• **PROBLEM DETAILS**: Reproduce exactly, and solely, the lines running from the top of the data below through the line with "Join me TODAY", both inclusive. Omit pictures.

• **THE DATA**:
========

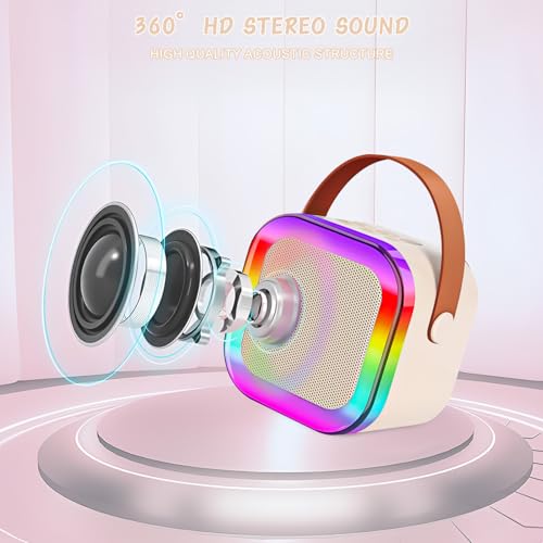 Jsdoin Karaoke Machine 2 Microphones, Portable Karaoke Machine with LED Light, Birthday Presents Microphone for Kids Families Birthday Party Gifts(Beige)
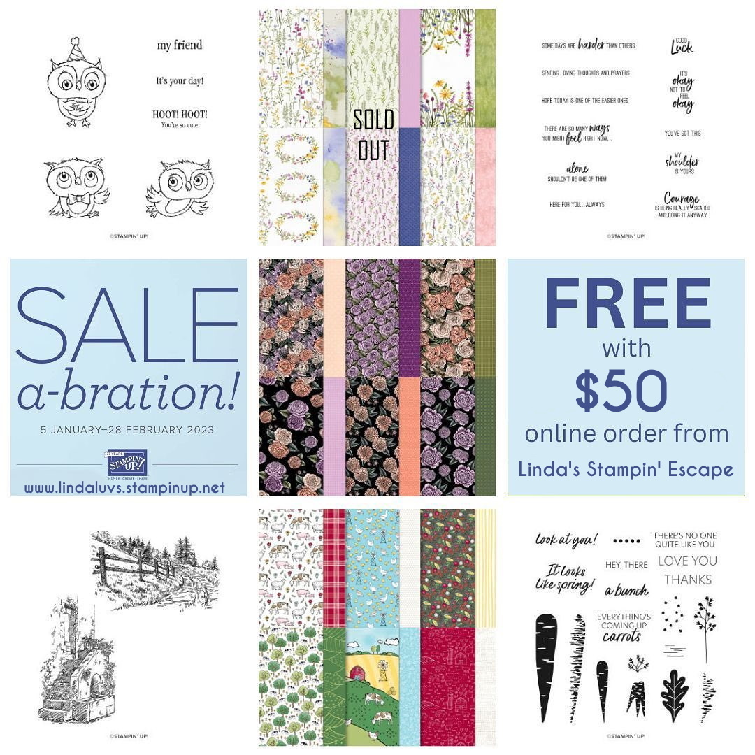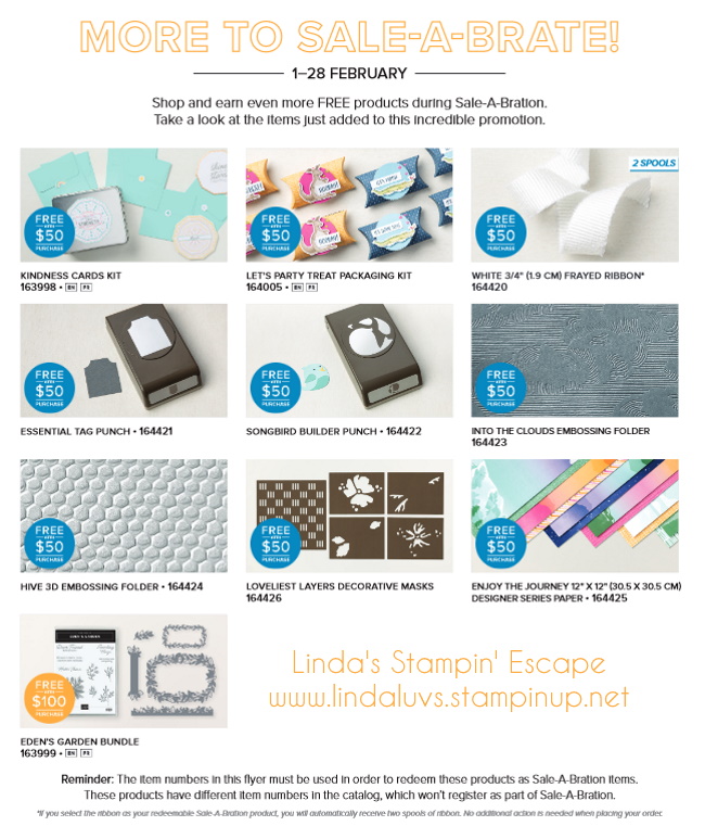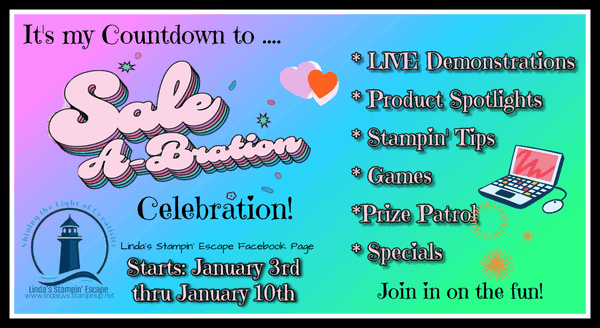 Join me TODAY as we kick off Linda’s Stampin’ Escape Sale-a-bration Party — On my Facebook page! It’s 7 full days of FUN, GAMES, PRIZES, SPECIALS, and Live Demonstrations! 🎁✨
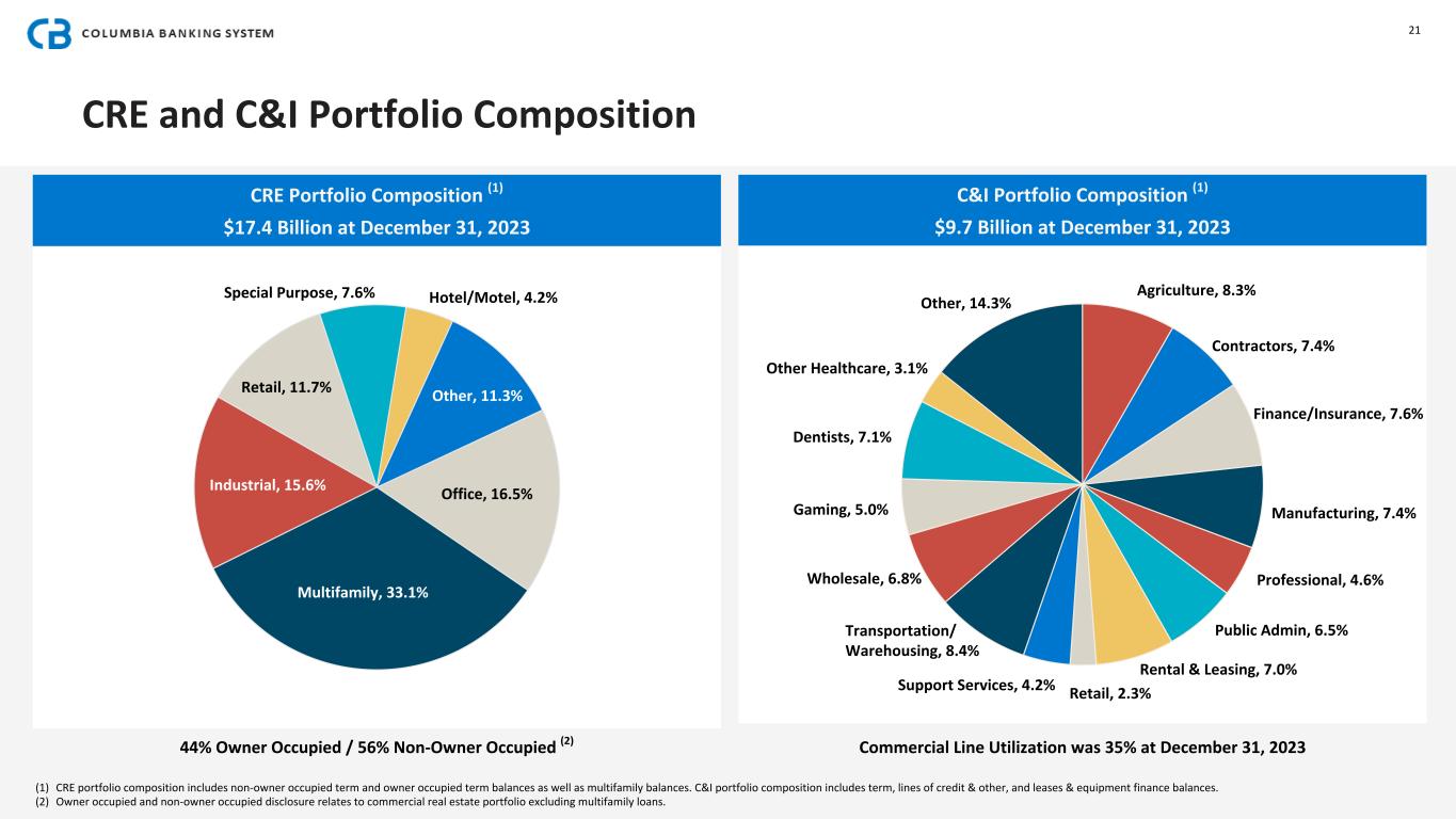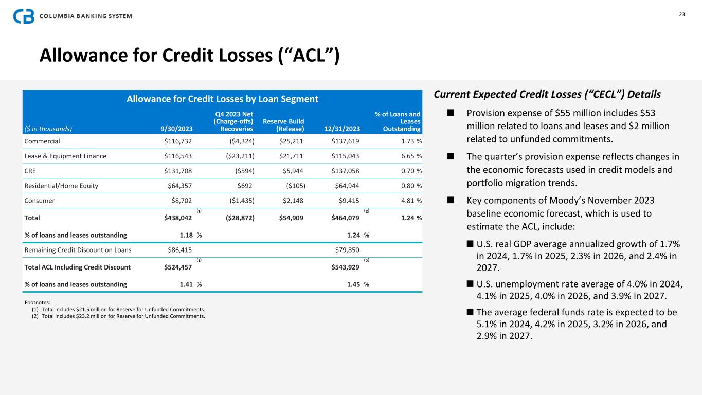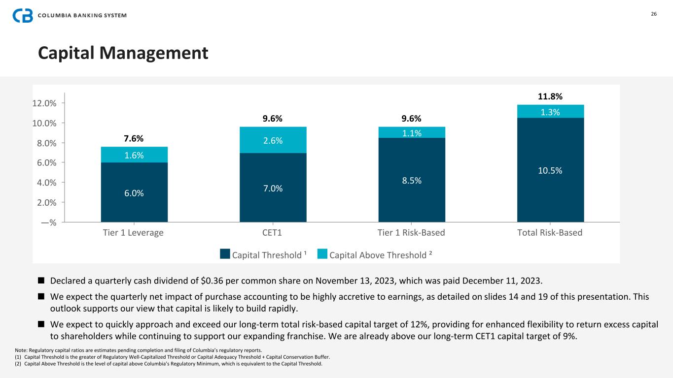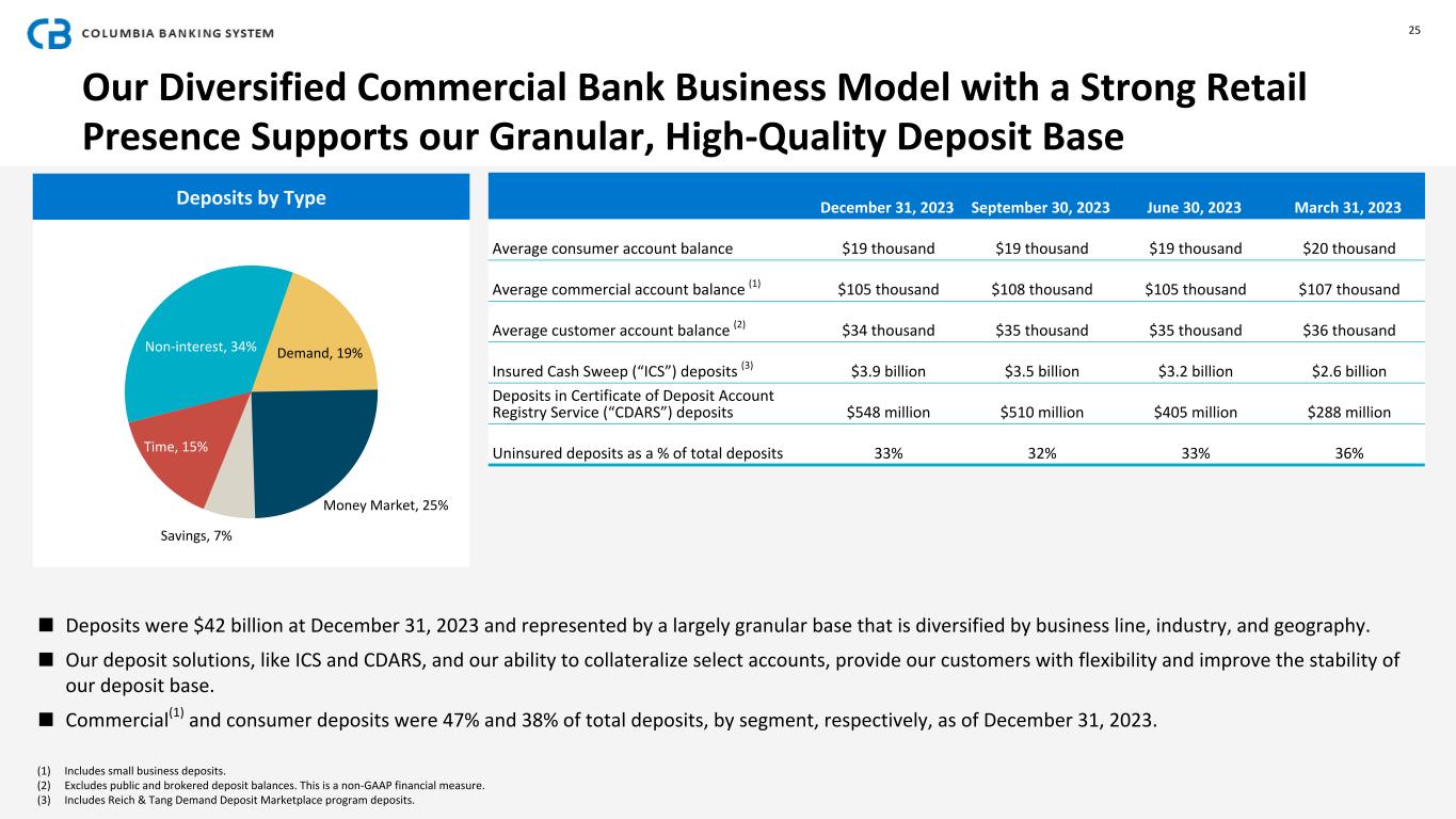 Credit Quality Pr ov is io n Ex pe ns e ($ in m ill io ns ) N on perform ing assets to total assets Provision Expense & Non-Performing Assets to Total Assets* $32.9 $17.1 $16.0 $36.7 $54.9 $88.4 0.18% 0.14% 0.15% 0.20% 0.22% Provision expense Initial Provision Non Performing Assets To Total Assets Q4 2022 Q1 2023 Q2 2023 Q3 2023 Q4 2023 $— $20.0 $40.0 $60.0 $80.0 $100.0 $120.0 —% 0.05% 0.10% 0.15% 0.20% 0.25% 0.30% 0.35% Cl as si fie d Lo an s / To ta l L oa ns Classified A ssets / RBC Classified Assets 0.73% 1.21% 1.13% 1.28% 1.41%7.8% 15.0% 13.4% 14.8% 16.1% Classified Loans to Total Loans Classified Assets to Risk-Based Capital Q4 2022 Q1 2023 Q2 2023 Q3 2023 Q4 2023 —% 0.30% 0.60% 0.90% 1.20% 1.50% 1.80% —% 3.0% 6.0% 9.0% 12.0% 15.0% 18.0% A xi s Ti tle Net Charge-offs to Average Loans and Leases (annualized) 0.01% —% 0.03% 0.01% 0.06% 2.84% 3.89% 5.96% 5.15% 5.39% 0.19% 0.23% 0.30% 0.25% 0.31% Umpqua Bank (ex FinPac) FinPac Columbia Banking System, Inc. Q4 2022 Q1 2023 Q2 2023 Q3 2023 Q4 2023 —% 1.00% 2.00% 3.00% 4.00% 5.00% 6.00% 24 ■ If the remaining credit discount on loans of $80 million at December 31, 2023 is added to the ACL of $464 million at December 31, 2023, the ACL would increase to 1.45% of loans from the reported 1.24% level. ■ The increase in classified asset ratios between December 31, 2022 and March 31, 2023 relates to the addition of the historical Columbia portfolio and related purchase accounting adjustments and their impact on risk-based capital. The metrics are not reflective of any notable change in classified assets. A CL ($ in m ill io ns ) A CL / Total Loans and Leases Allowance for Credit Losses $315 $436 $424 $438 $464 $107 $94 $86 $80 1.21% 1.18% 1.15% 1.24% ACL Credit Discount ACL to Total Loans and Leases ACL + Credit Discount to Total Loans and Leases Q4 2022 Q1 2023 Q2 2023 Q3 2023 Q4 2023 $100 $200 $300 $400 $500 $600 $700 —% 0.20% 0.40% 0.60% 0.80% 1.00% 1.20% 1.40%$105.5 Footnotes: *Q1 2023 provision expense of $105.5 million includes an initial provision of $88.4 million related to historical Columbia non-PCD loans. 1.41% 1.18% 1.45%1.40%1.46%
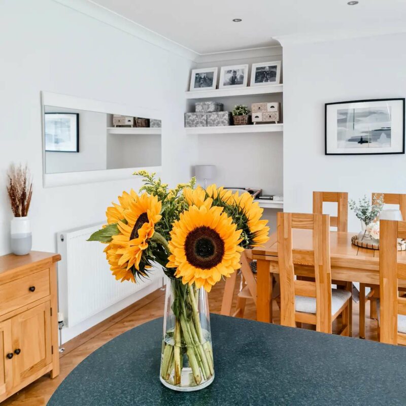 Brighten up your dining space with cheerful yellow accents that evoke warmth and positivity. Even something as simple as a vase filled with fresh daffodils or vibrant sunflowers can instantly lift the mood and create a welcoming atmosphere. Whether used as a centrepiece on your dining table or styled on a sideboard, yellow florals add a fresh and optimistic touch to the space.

========

• **WRITTEN SOLUTION**:
 Jsdoin Karaoke Machine 2 Microphones, Portable Karaoke Machine with LED Light, Birthday Presents Microphone for Kids Families Birthday Party Gifts(Beige)
 Join me TODAY as we kick off Linda’s Stampin’ Escape Sale-a-bration Party — On my Facebook page! It’s 7 full days of FUN, GAMES, PRIZES, SPECIALS, and Live Demonstrations! 🎁✨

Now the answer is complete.